But one wonders why. Especially in this day and age, as we’ve discovered so much about the biology of addiction and have new treatments to offer. Does it still make sense that only “the ex-problem drinker” can get a patient with addiction to really open up. I think not. And my source for this thought is the very next sentence in Alcoholics Anonymous:

“That the man who is making the approach has had the same difficulty, that he obviously knows what he is talking about, that his whole deportment shouts at the new prospect that he is a man with a real answer, that he has no attitude of Holier than Thou, nothing whatever except the sincere desire to be helpful;”

That sentence gives us 5 qualifications to gain and keep the attention and confidence of someone with addiction. Let’s look at them:

1. That there is a common problem

2. That it’s obvious that he knows what he’s talking about

3. His whole deportment shouts that he has a real answer

4. No Holier Than Thou attitude

5. Nothing but a sincere desire to be of help.

If you are someone who thinks it’s better for counselors to have addiction you’re probably saying right now. “I gotcha. Look at number 1. Common problem.” Yep, you got me. But what is the common problem? It doesn’t have to be drinking. In fact focusing on drinking as the common problem is what keeps people in AA from helping cocaine addicts. The common problem for the patient and the counselor without addiction is that they are both humans with limitations. It doesn’t matter how young or healthy the counselor is, they have limits. We all do. The bottom line truth for anyone starting addiction treatment is that they have something they don’t want to have. They have a limit placed on their lives they don’t want. That is a problem common to all humans and any human can relate.

Maybe you’re relenting at this point, but maybe you’re just getting your second wind. “Wait a minute. What about number 2. If he’s never had addiction how can he know what he’s talking about?” There’s a lot to know besides the common problem of feeling the pain of meeting a limitation you can’t get past by your own will. Addiction has a known neurobiology. It’s a real illness with a known natural history. Anyone wanting to attract and keep the attention of a patient with addiction will need to be able to have the answers that person needs. Not academic answers to the question of why, but real practical answers and those aren’t limited to counselors with addiction.

And how will the patient know that his counselor has the answers? Because the counselor’s whole deportment shouts that he has a real answer. How would that look? Well, behavior as well as words would have to say that the counselor understands that they are an equal child of the universe no greater or lesser than the patient. They would be calm because everything is going to be alright. They would be honest which means they’d answer quickly because they don’t have to remember the last lie they told. They’d say, “I don’t know,” when they didn’t know. And they’d treat the patient with respect.

That respect would come across as someone without a Holier Than Thou attitude. The counselor would be aware that the patient has an illness, and, therefore, “There but for the grace of God…” That’s a sobering thought. I could be on the other side of the table. I could be the patient. How would I hear best. I would I like to be spoken to? Is there any evidence at all that I could run this guys life better than he has if I had the same disease? No one will listen to you when your message is, “You just don’t know how to handle life. Do what I do. Be like me,” even if you are a recovering person. If you hold the patient in unconditional positive regard, it won’t matter what’s wrong with you; you’ll be heard.

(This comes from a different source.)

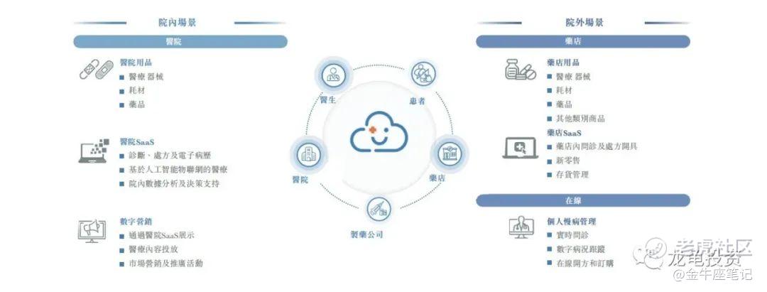 集团为医院和药店提供医疗用品和SaaS产品,为制药公司提供数字营销服务,为患者提供在线问诊和处方开具,主要通过销售医院及药店用品以及个人慢病管理产品产生收益,亦通过提供数字营销、SaaS及其他服务产生收益。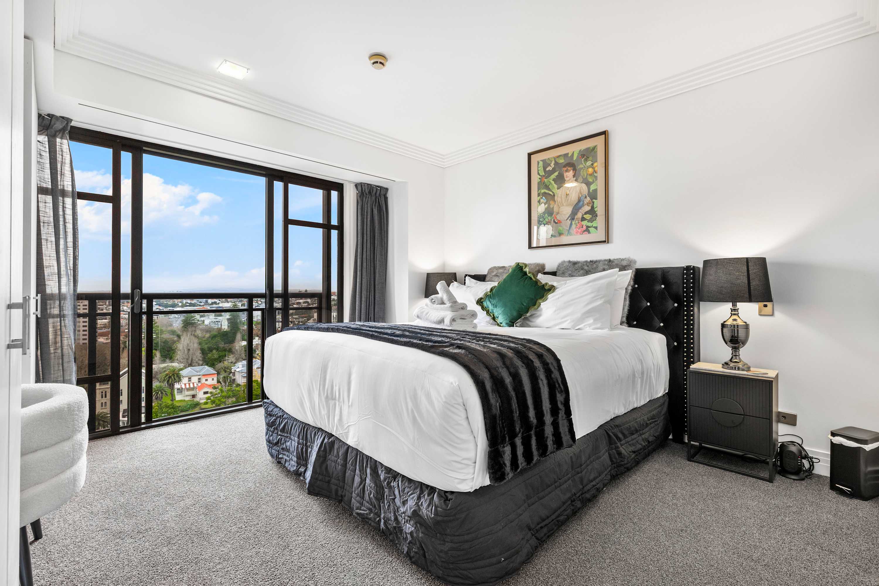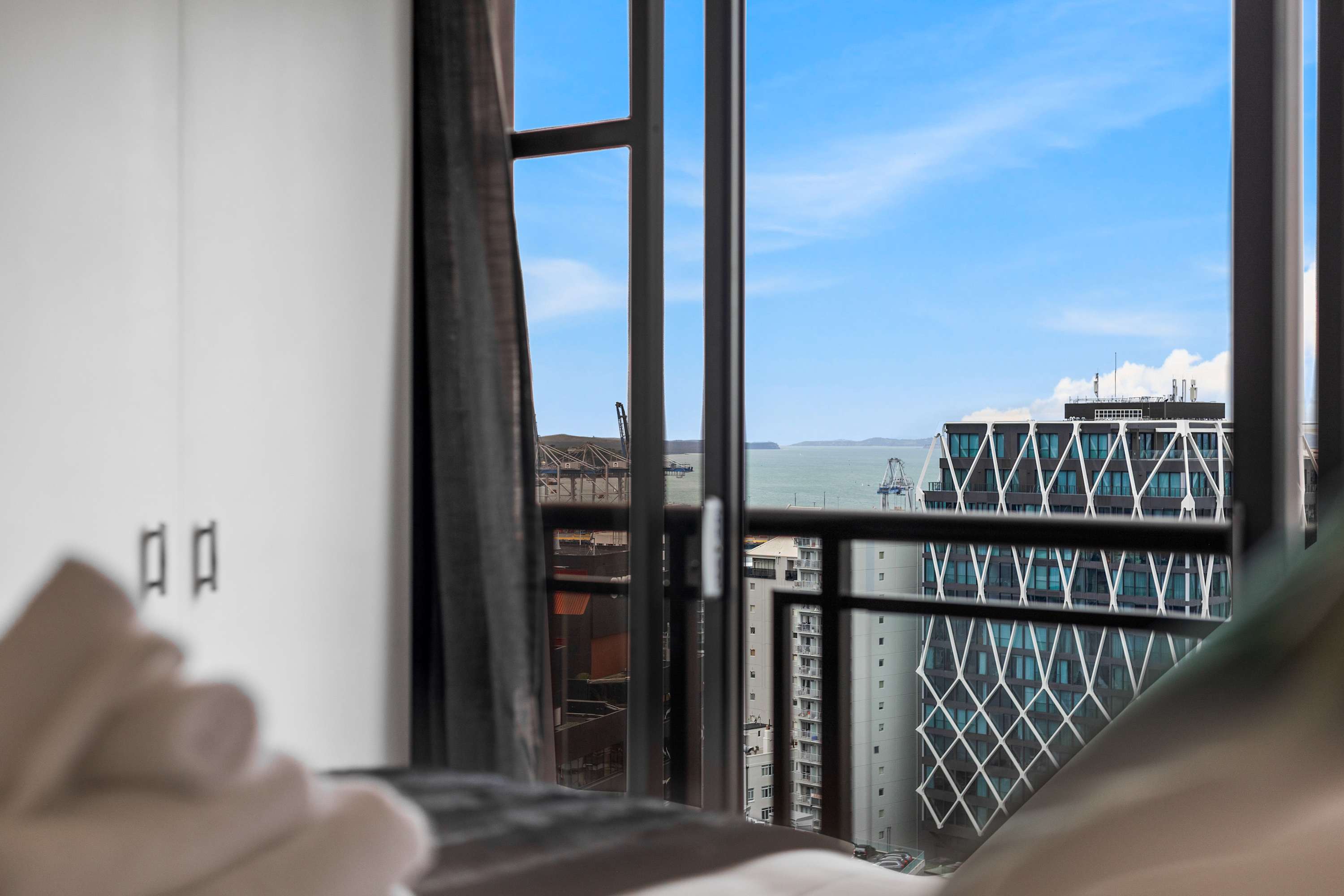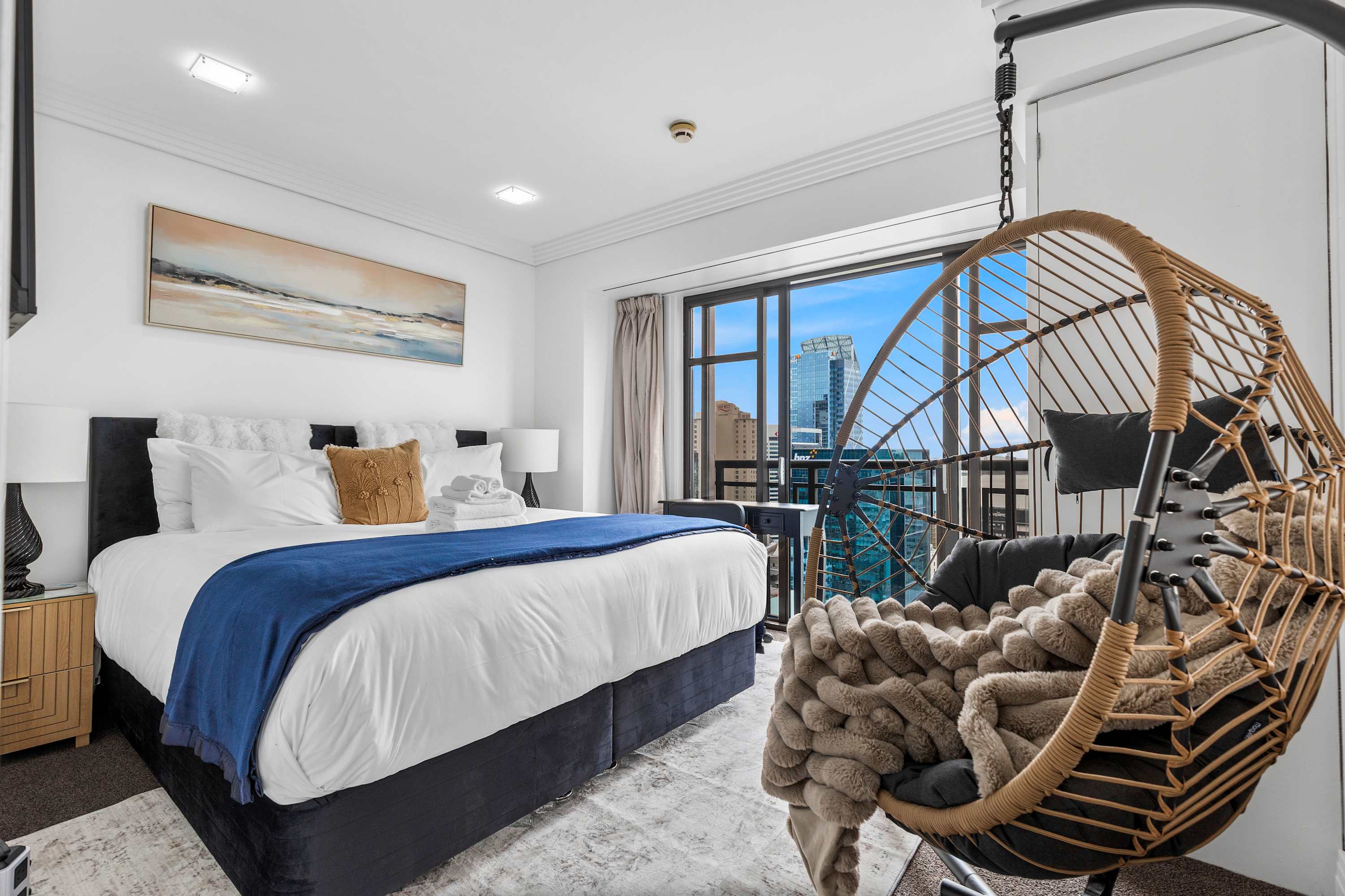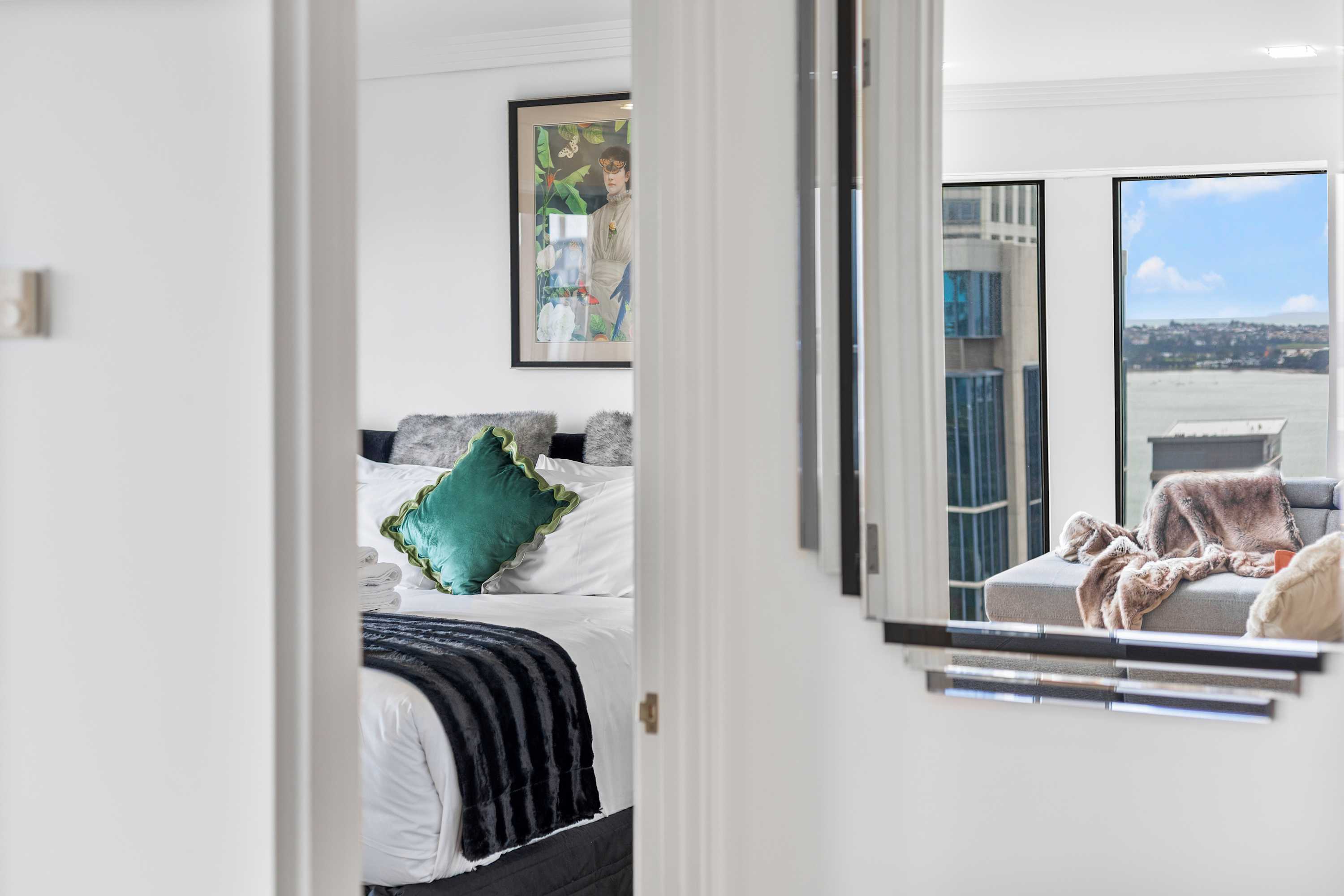 Each bedroom includes its own Smart TV, ideal for relaxing with your favorite shows, as well as a dedicated workspace, perfect for remote work or planning your next day’s adventure. You'll also find ample clothing storage in both rooms, so you can unpack and feel right at home. Both bedrooms offer direct access to charming Juliette balconies, allowing you to enjoy fresh air and take in breathtaking views of Auckland’s iconic skyline right from the comfort of your room. Whether you’re starting your day with a cup of coffee or winding down in the evening with a glass of wine, the balconies provide a peaceful space to relax and soak up the city’s vibrant atmosphere.

And the culmination of all of this? It is that the counselor will feel such humility in the face of the illness that they are filled with no motivation other than a sincere desire to be of help. “I have to get this person sober so I can feel good about myself,” will not work. “This one has to make it or my boss will think I’m no good,” will not work. No matter how good the cause or the outcome we have in mind, it won’t work. Our goal can’t be to get to a goal. The goal has to be the journey of helping. When we bring expectations to the treatment, not only won’t the patient hear us, we won’t even be in the room with our patient; we’ll be in our fantasy with our goal.

So do I think addiction counselors need to have addiction? I answer with a resounding, “NO.”

But what everyone needs who wants to do this work is the 5 qualifications above which I’ve found rare in counselors both with and without addiction.

 

copyright Howard C Wetsman MD 2012

 

Athletes and Drugs

August 17th, 2012

Some recent headlines have brought back up the subject of athletes and drugs. Some have asked, “Why is it that some elite athletes with the world at their feet go out and use drugs risking everything they’ve achieved?”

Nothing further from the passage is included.